Constitutive overexpression of a ripening-related pepper endo-1,4-beta-glucanase in transgenic tomato fruit does not increase xyloglucan depolymerization or fruit softening.

The ripening-related pepper endo-1,4-beta-D-glucanase (EGase) CaCel1 was over-expressed in transgenic tomato plants under the control of the constitutive 35S promoter to investigate the effects on plant growth and fruit softening of high levels of a potential cell wall-degrading activity. In transgenic fruit, recombinant CaCel1 protein was associated with a high-salt putative cell wall fraction, and extractable CMCase activity was increased by up to 20-fold relative to controls. However, the effects of high levels of EGase activity on fruit cell wall metabolism were relatively small. The largest consequence observed was a decrease of up to 20% in the amount of matrix glycans in a 24% KOH-soluble fraction consisting of polysaccharides tightly bound to cellulose. This decrease was confined to polysaccharides other than xyloglucan, did not affect the size distribution of remaining molecules, and was not correlated with a corresponding increase in glycans in a 4% KOH-soluble fraction loosely bound to cellulose, suggesting that the missing polymers had been degraded to fragments small enough to be lost from the extracts. The amount of matrix glycans in the 4% KOH-soluble fraction was not substantially changed, but the size distribution showed a small relative increase in the amount of polymers in a peak eluting close to a linear dextran marker of 71 kDa. This could be due either to an increase in the amount of polymers of this size, or to a loss from the extract of other polymers present in peaks of higher molecular weight.

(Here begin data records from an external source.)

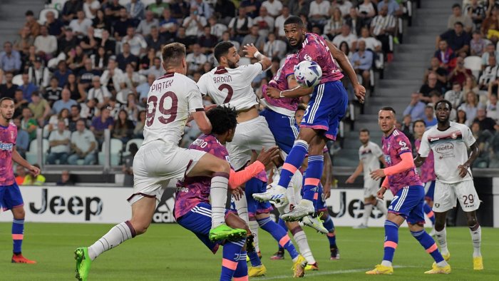 JUVENTUS (4-4-2): Perin 6; De Sciglio 5.5 (18' st Alex Sandro 6), Bonucci 6.5, Bremer 6.5, Cuadrado 5; McKennie 5 (39' st Soulé 5), Paredes 5, Miretti 6 (18' st Fagioli 6), Kostic 7 (33' st Danilo 6); Kean 4.5 (1' st Milik 6), Vlahovic 6. A disposizione: Pinsoglio, Garofani, Gatti, Rugani, Iling-Junior. Allenatore: Allegri 6.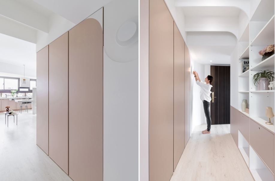 倘若空間條件無法容許設計獨立玄關,也可以利用動線與櫃體創造區隔性。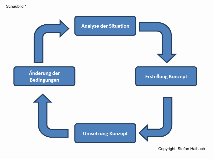 Zunächst ist auch nochmals der bisherige Erfahrungsschatz aller Beteiligten zu erfragen und auszuwerten, um ggf. aus bisherigen Fehlern Schlüsse ziehen und ein Gesamtkonzept mit vielen einzelnen Maßnahmen erstellen zu können. Es wird auch kein einmaliges Gesamtkonzept erstellt werden können, dass dann nur noch abgearbeitet werden muss und alles wird gut. Im Gegenteil, das Konzept wird immer wieder überprüft und überarbeitet werden müssen, da sich die Rahmenbedingungen ständig anpassen und verändern.
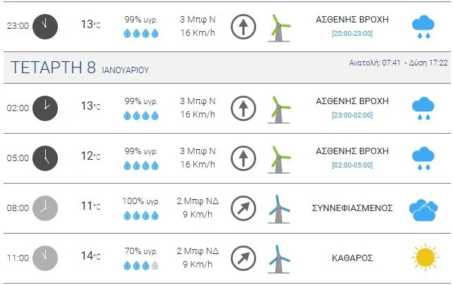 Σύμφωνα με την πρόγνωση του meteo, η βροχή δεν θα είναι μεγάλη έντασης και σε κάθε περίπτωση μέχρι να ξημερώσει θα έχουν σταματήσει τα φαινόμενα.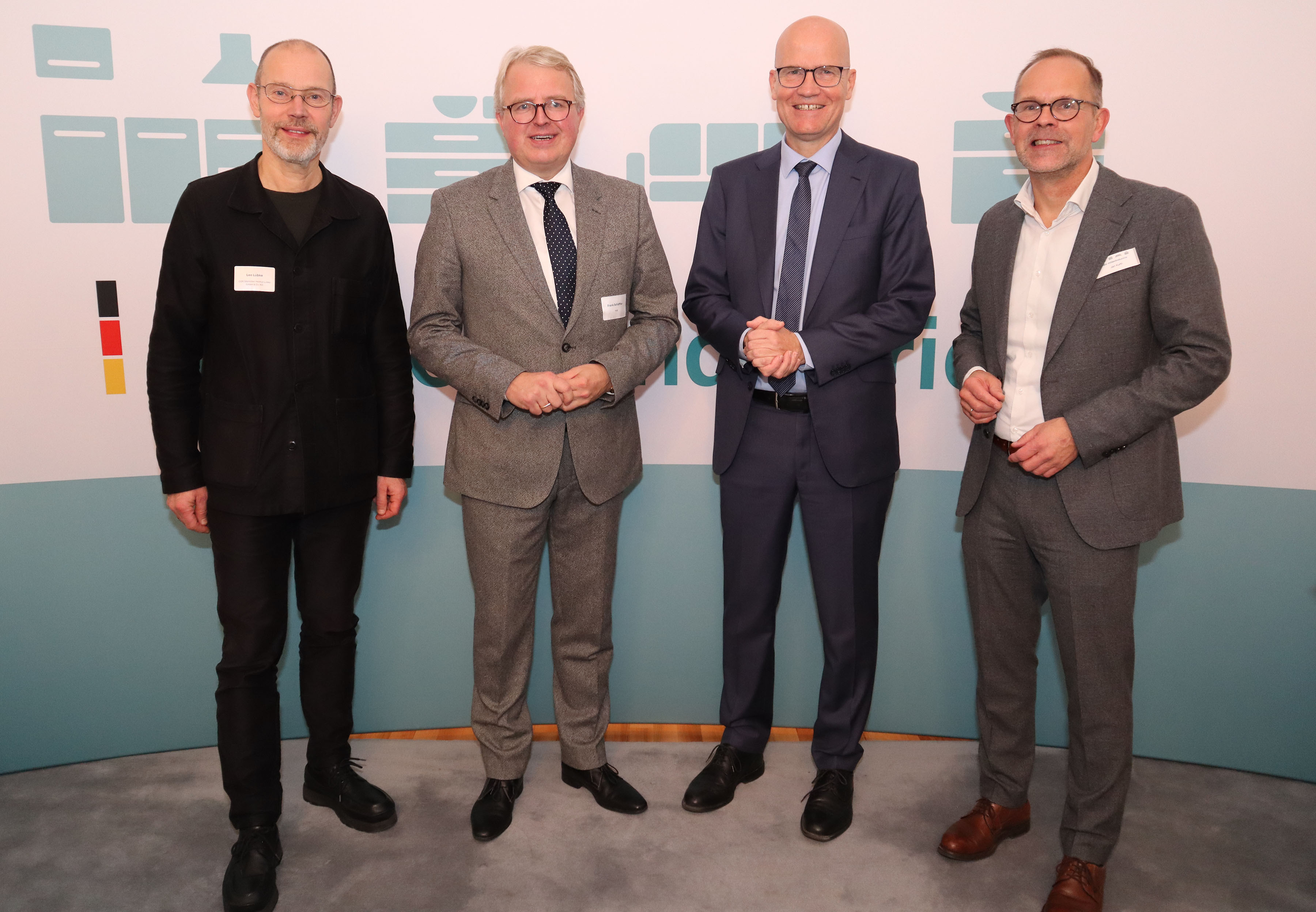 Bild 1: Diskussionsrunde beim Parlamentarischen Abend (von links): VDM-Präsident Leo Lübke, Frank Schäffler (FDP), Ralph Brinkhaus (CDU) und VDM-Hauptgeschäftsführer Jan Kurth. Foto: VDM/VHK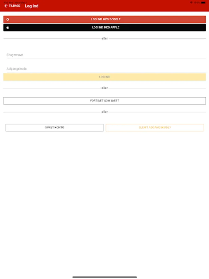 Du kan bruge din eksisterende Byens Kylling / EatOnline brugerprofil, eller som ny kunde oprette dig i appen.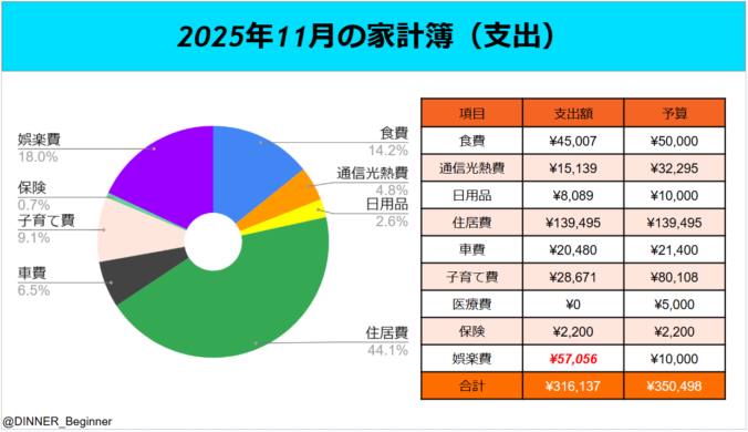 2025年11月の家計簿について、まとめさせて頂きます。

Transgenic fruit were not softer than controls but appeared the same or slightly firmer at both green and red developmental stages, and no differences in plant vegetative growth were observed. CaCel1 did not cause depolymerization of tomato fruit xyloglucan in vivo, but differences in the amount or molecular weight profile of other matrix glycans were observed. The data suggest that degradation of a proportion of matrix glycans other than xyloglucan does not result in fruit softening, and that fruit softening is not limited by the amount of EGase activity present during ripening.